Texto de Luís Rocha In Funchal Notícias - 5 de Maio de 2016
Por entre caixotes carregados de faces elaboradas em cerâmica, as mesmas que se destinavam a ser calcadas e esmagadas pelos próprios pés dos visitantes da primeira exposição ‘tu és pó e ao pó voltarás’, que esteve patente na Reitoria da UMa, no Funchal, encontramos também a oportunidade de contemplar, quase como de uma perspectiva aérea, uma curiosa paisagem, quiçá terrestre, quase lunar, onde, entre as faces humanas desencarnadas e os seus fragmentos, descobrimos uma ‘cratera’, como se ali tivesse embatido um meteorito. As nossas noções de escala e percepção são alteradas, e – pelo menos pessoalmente e tal como na exposição que a esta antecedeu – descubro-me de imediato, e com certa angústia, a perscrutar o interior em busca de interpretações sobre o significado humano algures oculto por detrás desta instalação. _Intuo, sei que no âmago da mesma estão profundas interrogações, irónicas umas, amargas outras, sobre o desprezo que o ser humano sente pelo seu semelhante, e sobre a natureza solitária e por vezes injusta e insignificante da existência.A artista plástica Patrícia Sumares inaugurou ontem no Centro Cultural John Dos Passos uma instalação intitulada ‘tu és pó e ao pó voltarás II’, espécie de ‘remake’, em escala menor, da notável instalação apresentada em finais do ano passado na Reitoria da Universidade da Madeira. Pode-se dizer, sem risco de erro, que nesta instalação Patrícia volta a demonstrar claramente os atributos criativos que fazem dela uma artista provocadora e interessante, com uma visão simultaneamente profunda e tocante nos temas que apresenta e, simultaneamente, um cuidado formal extremo com os aspectos cénicos e, quase diríamos, mesmo dramáticos gerados no enquadramento das peças que produz e da sua expressividade.
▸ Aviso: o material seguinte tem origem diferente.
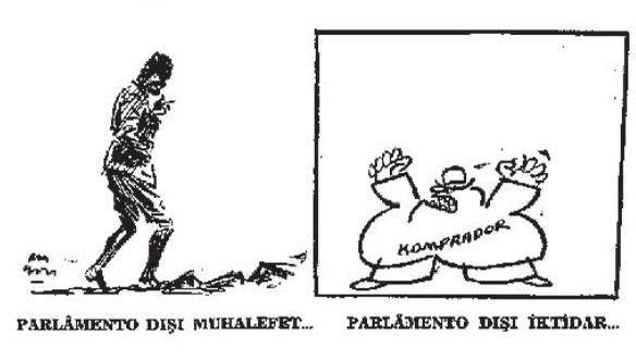 Özellikle biri günümüze öylesine uyuyor ki dakikalarca karikatüre bakıp düşündükten sonra bu yazıyı yazdım. Ali Ulvi, 25 Ekim 1969 tarihli Cumhuriyet gazetesinin kapak sayfasında yayımlanan karikatüründe, Atatürk’ü Büyük Taarruz sırasında fotoğrafçı Etem Tem’in çektiği efsaneleşen Kocatepe fotoğrafındaki görüntüsüyle çizip altına “Parlamento dışı muhalefet” yazmış. Solda ise başında fötr şapkası ile kocaman bir komprador var; o da “Parlamento dışı iktidar”!

A atenção que coloca na mais perfeita adequação possível das obras geradas no seu percurso predominantemente escultórico com o meio ambiente envolvente também é digna de nota. Desta feita, Patrícia Sumares transformou uma pequena sala de exposições do Centro John Dos Passos num verdadeiro abismo, quase um estranho portal dimensional, em que as nossas noções espaciais são curiosamente alteradas pela colocação de dois espelhos, um no tecto, outro no chão, que multiplicam quase ao infinito a própria imagem do fruidor.
Sem grandes pretensões, esta é apenas uma leitura possível desta mostra de Patrícia Sumares. Que vale o que vale, e termina apenas com esta exortação: vale a pena ver e acompanhar o trabalho desta artista madeirense, que para nós e cada vez mais, se tem revelado das mais interessantes.